◆ **Exercise objective**: Could you set down the listing below exactly, leaving out its pictures?

◆ **Data section**:
┌────────

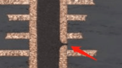 1.不可超过线宽30% 2.每面不可超过5点 3.每条线上不可超过3点 4.每点凹陷不能超出其线路铜厚度的20% |
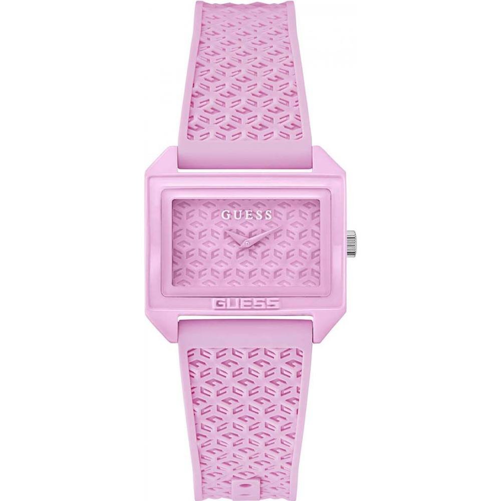 Stylish pink Guess Mod Pop 33mm Quartz Watch with a modern geometric pattern. The watch features a durable and long-lasting design, perfect for everyday wear.
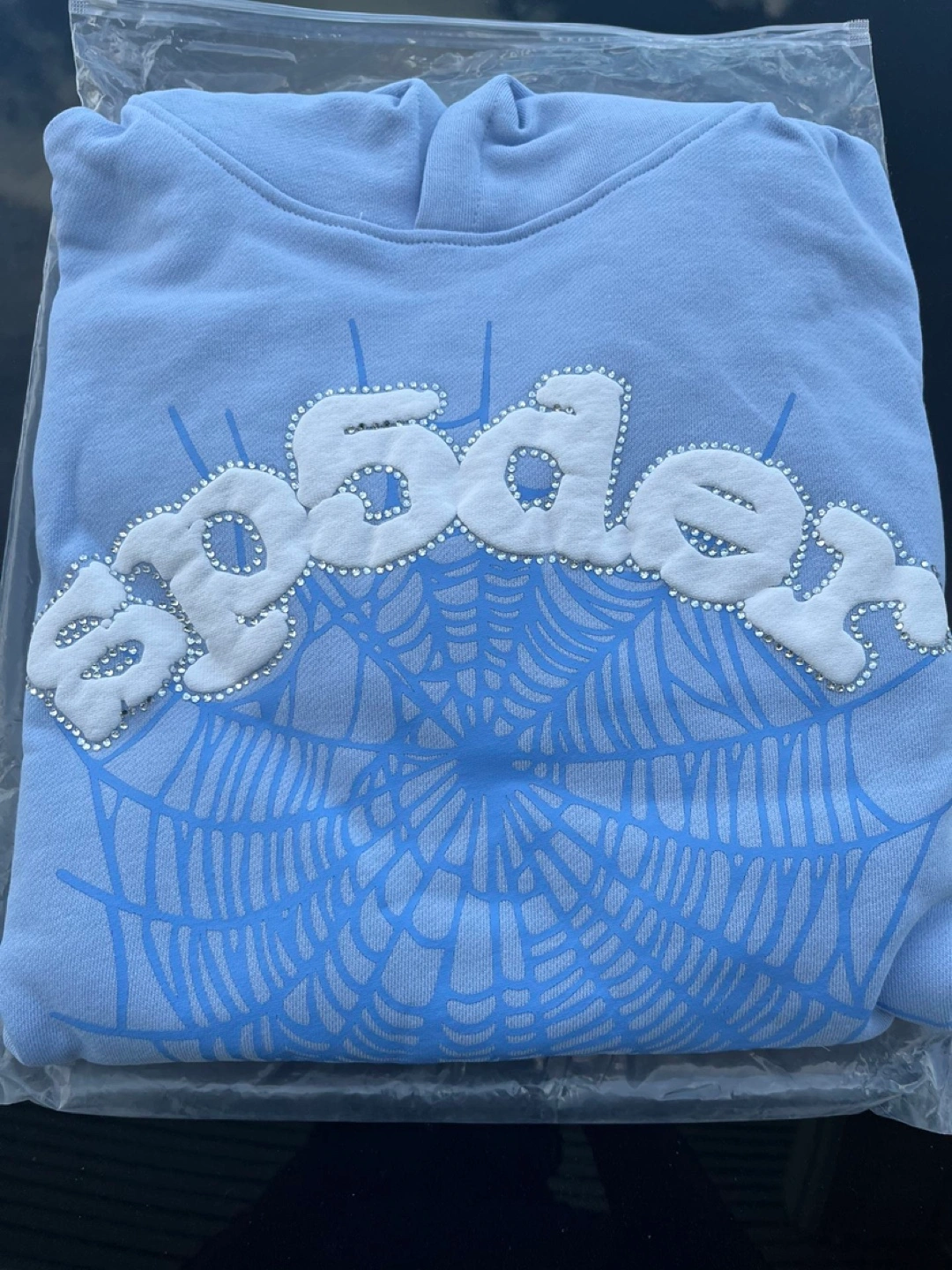115Brand: Sp5der Color: Sky Blue Condition: New Size: Medium Material: 100% Soft cotton Design: Iconic spider web graphic on front

└────────

◆ **Finished task**:
 1.不可超过线宽30% 2.每面不可超过5点 3.每条线上不可超过3点 4.每点凹陷不能超出其线路铜厚度的20% |
 Stylish pink Guess Mod Pop 33mm Quartz Watch with a modern geometric pattern. The watch features a durable and long-lasting design, perfect for everyday wear.
115Brand: Sp5der Color: Sky Blue Condition: New Size: Medium Material: 100% Soft cotton Design: Iconic spider web graphic on front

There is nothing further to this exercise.